Translation elongation: measurements and applications

Abstract

Translation converts genetic information in mRNAs into functional proteins. This process occurs in four major steps: initiation, elongation, termination and ribosome recycling; each of which profoundly impacts mRNA stability and protein yield. Over recent decades, regulatory mechanisms governing these aspects of translation have been identified. In this review, we focus on the elongation phase, reviewing the experimental methods used to measure elongation rates and discussing how the measurements shed light on the factors that regulate elongation and ultimately gene expression.

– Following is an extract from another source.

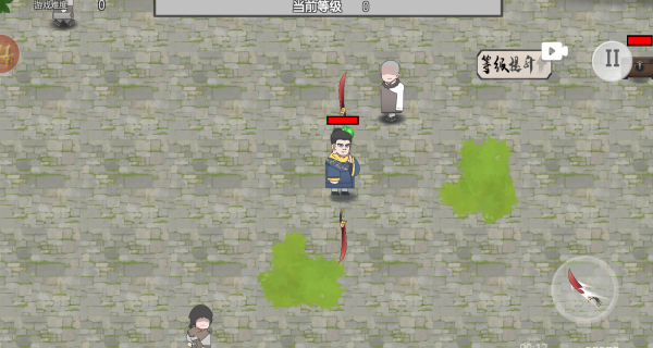 2、刚开始你的等级是0,你要利用虚拟摇杆操控着英雄割草战斗。

Keywords: RNA modification; Translation elongation; codon optimality; ribosome; ribosome profiling; single molecule.

Figure 1.

Overview of translation elongation cycles. Structural basis of eukaryotic elongation is extensively reviewed elsewhere [15–18]. Briefly, an elongation cycle starts with a charged aminoacyl-tRNA positioned at the P site of 80S ribosomes. A G-protein eEF1A delivers an aminoacyl-tRNA to the A-site of ribosomes. Upon cognate codon-anti-codon pairing, GTP-hydrolysis triggers the release of eEF1A from ribosomes, locking tRNA into the A-site. Next, the peptidyl transferase centre (PTC) catalyzes the peptide bond formation, transferring the nascent peptide from the P-site tRNA to the A-site tRNA. This process induces ribosome rotation, forming a hybrid state of E/P and P/A state tRNA. eEF2, a GTPase, binds to the rotated ribosome and translocates the ribosome forward by one codon, shifting tRNAs from site A to P and site P to E. eEF2 restores the ribosome to its original conformation, making the A-site available for the next tRNA.

Figure 2.

Methods for measuring elongation rates. (A). single-molecule FRET to measure a single elongation cycle. Aminoacyl tRNAs are fluorescently labelled and applied to ribosomes in translation-competent cell lysates. Distinct FRET states correspond to ribosome mechanics. This method measures elongation rate by measuring the time duration of FRET state cycles. (B). Translation competent cell lysate. mRNA templates are added to the lysate to initiate translation. Luciferase mRNAs can be used to probe elongation rate by measuring luminescence signal over time. To measure elongation rate of mRNAs lack of fluorescence or bioluminescence, mRNA templates are added to lysate with heavy isotope-labelled amino acids, and newly synthesized peptides can be visualized on SDS-PAGE. Accumulation of radioactive signal over time reports translation rate. (C). Ribosome profiling. This method determines gene-specific elongation rates by using harringtonine (HTN) to block initiation, followed by cycloheximide (CHX) to freeze elongating ribosomes at different time points. Sequencing ribosome-protected fragments maps ribosome positions on transcripts. The loss of ribosome coverage on transcripts over time reveals elongation rates. High sequencing depth is required for low-expression transcripts. The exact time course of CHX treatment may need optimization depending on gene targets. (D). Live-cell translation imaging. Single-molecule imaging of nascent peptides (SINAPs) utilizes an array of genetically encoded epitope tags and single chain variant fragments conjugated with green fluorescent proteins (scFv-GFP) to visualize nascent peptides, whereas single mRNAs are visualized via repeats of MS2 binding sites (MBS) in their 3’UTR and MS2 coat proteins fused to red fluorescent proteins (MCP-RFP). This method measures elongation rates by tracking either ribosome dwell time on a transcript or the dynamics of nascent peptide signal.

Figure 3.

Factors affecting elongation rates. Non-optimal codons (red) may be translated slower than optimal codons (green). m1Ψ modified bases (red) may cause elongation speed to slow compared to unmodified ones. Besides mRNA sequence, peptides encoding polybasic residues cause elongation to slow and even stall. As a consequence of slow elongation, ribosomes can stall and collide. These collisions are cleared by the RQC pathway. Ultimately, slow elongation leads to decreased initiation, mRNA decay and decreased protein output.